Каким был момент, когда вы из академического выпускника перешли в разряд современных художников?
Щелчка не было, процесс проходил в течении нескольких лет после окончания института. Это один из моментов кризиса молодого художника, который оказывается в мире современной культуры и который там заведомо чужак. Мне всегда казалось абсурдным, что пейзаж маслом на холсте – это только музейное искусство или салон. “Почему я не могу писать маслом на холсте, хотя этот материал отвечает моим идеям?”. Эти размышления привели к тому, чем я сейчас занимаюсь, к попытке переосмыслить традиционный жанр, традиционную технику и понять, как человек смотрит на искусство прошлого, которое мне дорого. В то же время, я хочу найти портрет современности через пространство в том языке, в котором я работаю.

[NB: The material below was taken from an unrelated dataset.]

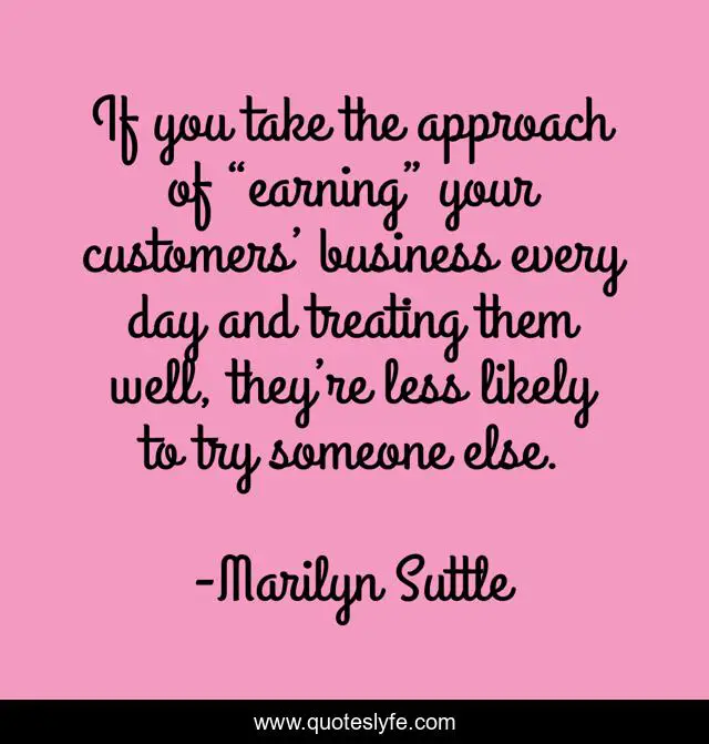 This page presents the quote "If you take the approach of “earning” your customers’ business every day and treating them well, they’re less likely to try someone else.". Author of this quote is Marilyn Suttle. This quote is about business, customer-service,.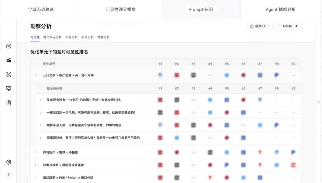 分析监控:设定完整的基准线,让企业选择定向范围以及目标地域、语言,然后去做、去触发我们的整个监控。触发监控后,我们可以直接让企业在5-10 分钟后迅速看到第一次数据反馈,产出原始回复明细和汇总数据。你就能看到AI平台当下是怎么反馈问题的、你在平台的位置如何(可见度、排名、平均位置、好感度、商品卡露出等等)。我们甚至支持企业客户自定义所需要的指标。

Есть ли кто-то из западных художников, с кем вы имеете похожие художественные взгляды?
Когда я учился в институте было меньше информации (интернет у меня появился только на 4 курсе), меньше поездок, и мы не так много знали о современном искусстве в мире. Трудно выделить конкретного художника. После института меня вдохновляли Ансельм Кифер, Дэвид Хокни, Герхард Рихтер. Это были живописцы, которые тебя убеждали что живопись не умерла, она существует в разных формах, и это помогало.
Каков портрет вашего коллекционера?
Многих людей, кто покупает мои работы я знаю лично, но не всех, конечно.
Это разные люди, среди которых серьезные коллекционеры и те, кто просто покупает понравившуюся работу. Меня, несомненно, радует, когда моими работами интересуются коллекционеры, собирающие принципиальные вещи – они узнают меня как нового автора для себя, начинают знакомиться с моим творчеством, завязывается некий диалог. Это интересно и полезно для художника. Однако, также приятно, когда человек просто купил твою работу, потому что она ему очень понравилась, и бывает, что это единственный предмет искусства в его доме, который становится частью его жизненного пространства.
Часто вам задают вопрос, что вы хотели показать в этой работе?
Спрашивают часто. Когда мы с Женей только начали активно выставляться и расширился круг людей, интересующихся нашим творчеством, меня озадачивало желание зрителя пообщаться с художником. Наши учителя говорили, что наша задача только писать, не думая о зрителе. Это, конечно, снобизм. Ты создаешь предмет, который потом живет отдельно от тебя, а значит делаешь его для зрителя, и если он хочет, чтобы ты рассказал о предмете искусства, то ты должен рассказать, это такая же часть работы, как и сама живопись.
Важно, что зритель может совершенно иначе интерпретировать твою работу, и имеет на это право, потому что смотрит на нее через призму своего опыта. Получать обратную связь очень полезно – ты получаешь опыт, который питает творческий процесс и помогает яснее формулировать мысли.
Что означают фигуры человека в ваших работах?
Несмотря на то, что я учился на живописца, 10 лет назад я начал делать первые скульптуры, и постепенно пришел к объединению живописи и скульптуры в одном произведении. На выставках я часто замечал, как живопись и скульптура нелепо соседствуют друг с другом. Как сказал один американский художник “Что такое скульптура – это, то, на что натыкаешься, когда отходишь чтобы лучше рассмотреть живопись”. И раз они соседствуют в одном пространстве их можно объединить. А с другой стороны, мне хотелось, чтобы персонаж вышел из холста, развернулся и стал смотреть на него, то есть стал посредником между пространством картины и реальным миром.
А пустоты на холстах?
Я изображаю пейзажи, в которых каждый узнает знакомые ему места. А вычитания на картинах – это образ нашей памяти, которая сохраняет фрагменты целого. У нас, как у людей «экранной культуры», перемещающихся на самолетах, внутренний ландшафт формируется из таких фрагментов.